▼▼▼

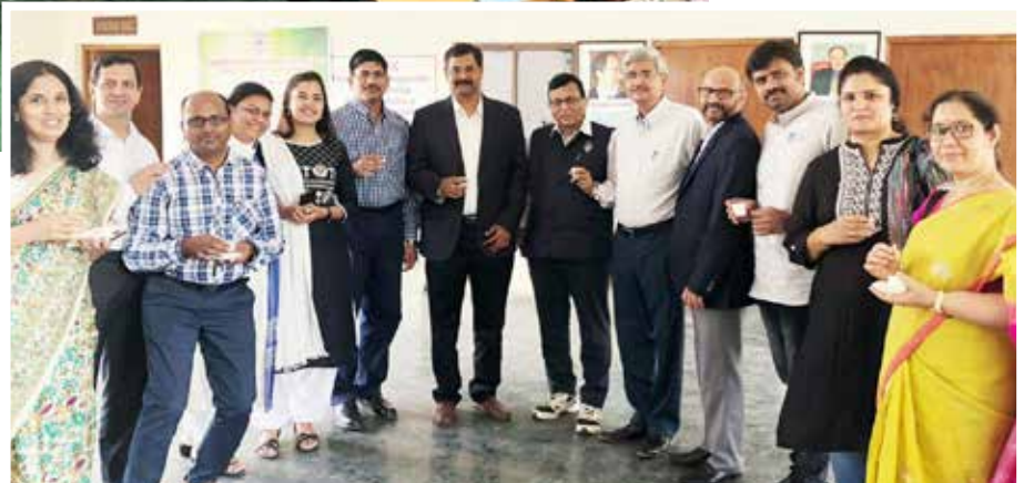
PMIPCC volunteers at the event.

PMI Pearl City Chapter (PMIPCC) in Hyderabad conducted a joint project management advocacy program with Jawaharlal Nehru Technology University (JNTU) at their campus on 5 January. The event, themed “Realizing Objectives with Project Management,” was aimed at helping faculty members and students gain project management skills. Over 60 members of the university’s teaching faculty attended it.
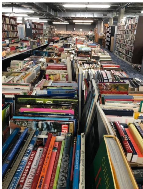
Before the Flood

What a year it's been! Following our most successful book sale ever, the catastrophic floods of August 2024 totally destroyed everything in the lower level of the library basement.

▲▲▲

Retype the listing exactly. Pictures do not belong in the copy.

PMIPCC volunteers at the event.

PMI Pearl City Chapter (PMIPCC) in Hyderabad conducted a joint project management advocacy program with Jawaharlal Nehru Technology University (JNTU) at their campus on 5 January. The event, themed “Realizing Objectives with Project Management,” was aimed at helping faculty members and students gain project management skills. Over 60 members of the university’s teaching faculty attended it.
Before the Flood

What a year it's been! Following our most successful book sale ever, the catastrophic floods of August 2024 totally destroyed everything in the lower level of the library basement.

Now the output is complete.